Published on 02:08 PM, May 08, 2016

Tagore's encounters with luminaries of the West

Literature of the East meets science of the West: Tagore and Einstein in Berlin. Photo grabbed from YouTube video

While many perceive Rabindranath Tagore as a landlord who wrote most of his masterpieces sitting in his palace-like abode, or on a luxurious boat cruising down a peaceful river, he actually ventured much deeper into the vastness beyond his regular life and social circles. During his visits abroad, he engaged in intriguing conversations with brilliant minds from across the world – starting from British sci-fi master HG Wells to French dramatist-art historian Romain Rolland to genius German physicist Albert Einstein – where he spoke about the correlation of art and science, international relations and religion, and multiculturalism.

His conversation with Einstein – at the latter's residence in suburban Berlin – brought out an interesting array of subjects.

Tagore opens the talk with the topic of "new mathematical discoveries which tell us that in the realm of infinitesimal atoms chance has its play; the drama of existence is not absolutely predestined in character." Causality, atomic disorder, elasticity of sub-atomic levels of freedom and the general stability concepts of quantum physics also get a human analogy. The differences in European and Eastern music also dominate the conversation.

Einstein -- who was an avid music listener -- gets a glimpse into how music in the East is written and driven: the structure, the artistes' liberty to improvise on a set of guidelines to produce a new presentation of the same music, linguistic structures.
Laureates of Literature: Nobel Prize recipients Tagore and Romain Rolland in conversation.
Tagore, at one point, compares harmony and melody to lines and colours; of how a line drawing can become vague and less expressional with the use of colours, while a proper combination of the two can create beautiful art. Einstein's scientific inquisitiveness is also found in the conversation, where he proposes of an experiment to study the effects of European music on an Indian who has not listened to it before, but adds that the problem with great music is that it cannot be analysed; Tagore adds that what deeply affects the listener is beyond oneself.

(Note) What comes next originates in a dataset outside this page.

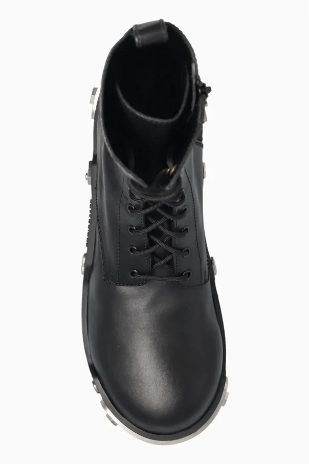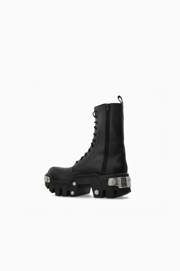 Buty wyróżniają się masywną bryłą oraz wysoką cholewką, sięgającą powyżej kostki, inspirowaną klasycznym stylem glanów. Cholewka, starannie wykonana z gładkiej skóry licowej, tworzy spójną całość z niezwykle solidną, traktorową podeszwą o kanciastych krawędziach. Zastosowanie najwyższej jakości skóry oraz wytrzymałej gumy gwarantuje niezrównany komfort użytkowania i ponadczasową trwałość.

Tagore and Romain Rolland's connections were centred on "La Déclaration pour l' indépendence de l'esprit" – probably the first organised attempt to mobilise intellectual opinion all over the world against war, which Tagore signed on Rolland's request.

Tagore's conversation with the French litterateur in August of 1930 remains focused on the role of Geneva in keeping peaceful international relations. The religious history of India, and how it has driven a harmonious multi-religion coexistence is brought up by Rolland, while Tagore asserts that it can also be looked upon as a weakness; something that has hindered the understanding of people of true spiritual faith. Tagore's blooming fascination for art also comes up in conversation, where he says, "Words are too conscious; lines are not. Ideas have their form and colour, which wait for their incarnation in pictorial art. Just now painting has become a mania with me. My morning began with songs and poems; now, in the evening of my life, my mind is filled with forms and colours."

The June 1930 conversation between HG Wells and Rabindranath Tagore was centred on the evolution of civilisation. How the cities in the East of that time wore "big masks which represent no country in particular." Wells interpreted that as the "beginning of a new world order that refuses to be localised". A greater unison of all civilisations was also discussed upon. While Wells terms music as the most international of all things, Tagore rebuts that the 300+ compositions that he had made were "sealed from the West" because they couldn't be presented in Western notations. The supposed superiority of the West and the reasons behind the cultural diffusion of the West – seemingly more profound in places like Japan, compared to the Indian subcontinent – also added up to a lively debate.

Tagore concluded by saying, "My country, like every other, will evolve its own constitution; it will pass through its experimental phase and settle down into something quite different from what you or I expect."